Evaluate the definite integrals by expanding the integrand in a Maclaurin series. \(\int_{0}^{0.1} e^{-x^{2}} d x\)

The Maclaurin series is a special case of the Taylor series, centered at zero. It is an infinite series used to represent functions. The general form of the Maclaurin series for a function, \( f(x) \), is given by:
\[ f(x) = f(0) + f'(0)x + \frac{f''(0)x^2}{2!} + \frac{f'''(0)x^3}{3!} + \cdots \]
The exponential function, \( e^x \), is particularly nice because it has an easily recognizable Maclaurin series:
\[ e^x = 1 + x + \frac{x^2}{2!} + \frac{x^3}{3!} + \cdots \]
In the exercise, we use the Maclaurin series to approximate the function \( e^{-x^2} \), by substituting \( -x^2 \) for \( x \):
\[ e^{-x^2} = 1 - x^2 + \frac{x^4}{2!} - \frac{x^6}{3!} + \cdots \]
This substitution helps convert the complex function into an infinite polynomial series, making it easier to integrate term-by-term.

A definite integral calculates the area under a curve within specified limits. For a function \( f(x) \) integrated from \( a \) to \( b \), it is expressed as:
\[ \int_a^b f(x) \, dx \]
In our exercise, we are tasked with evaluating the definite integral:
\[ \int_{0}^{0.1} e^{-x^2} \, dx \]
This integral calculates the area under the curve \(e^{-x^2}\) from \( x = 0 \) to \( x = 0.1 \). Due to the complexity of the function, we expand \( e^{-x^2} \) using its Maclaurin series before integrating.

The term-by-term integration involves integrating each term of a series individually. This method simplifies integration of complex or non-standard functions.
In our exercise, we substitute the Maclaurin series for \( e^{-x^2} \) into the integral:
\[ \int_{0}^{0.1} e^{-x^2} \, dx = \int_{0}^{0.1} \left(1 - x^2 + \frac{x^4}{2!} - \frac{x^6}{3!} + \cdots\right) \, dx \]
We integrate each term separately:

• \( \int_{0}^{0.1} 1 \, dx = 0.1 \)
• \( \int_{0}^{0.1} (-x^2) \, dx = -\frac{(0.1)^3}{3} = -0.000333 \)
• \( \int_{0}^{0.1} \frac{x^4}{2!} \, dx = \frac{(0.1)^5}{10} = 0.000001 \)

Higher-order terms become extremely small and are often neglected, simplifying our calculations further.

Exponential functions involve the constant \( e \) (approximately 2.718).
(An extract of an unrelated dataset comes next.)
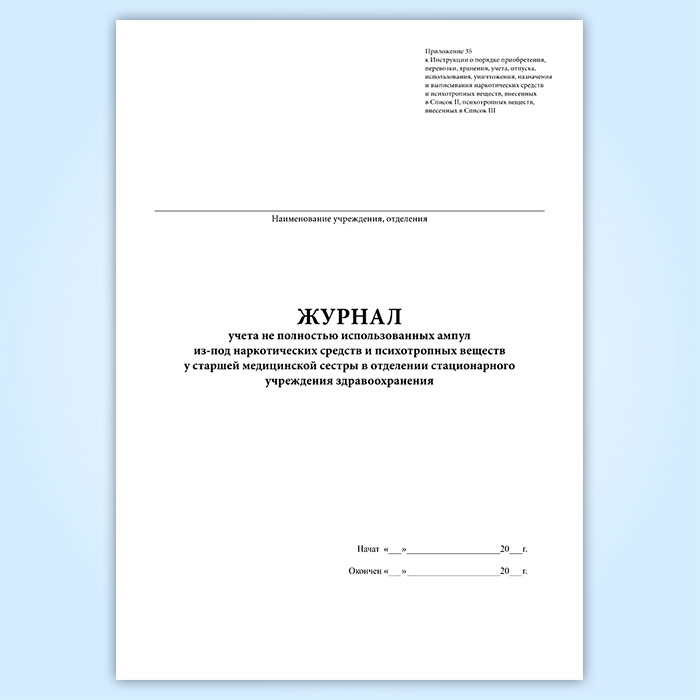 Журнал учета не полностью использованных ампул из-под наркотических средств и психотропных веществ у старшей медицинской сестры в отделении стационарного учреждения здравоохранения в Фрязино купить

They are critical in various fields like mathematics, science, and engineering.
The general form of an exponential function is \( e^x \). When combined with powers or exponentials of variables, these functions become more complex to integrate.
In the context of our integral:
\[ e^{-x^2} \]
We encounter an exponential function with a negative quadratic exponent. This makes direct integration challenging, but approximations like the Maclaurin series help simplify the process. By expanding \( e^{-x^2} \) into a series, we can perform term-by-term integration to find:
\[ \int_{0}^{0.1} e^{-x^2} \, dx \approx 0.099668 \]
This approach is a powerful tool for working with exponential functions where exact integrals are not easily attainable.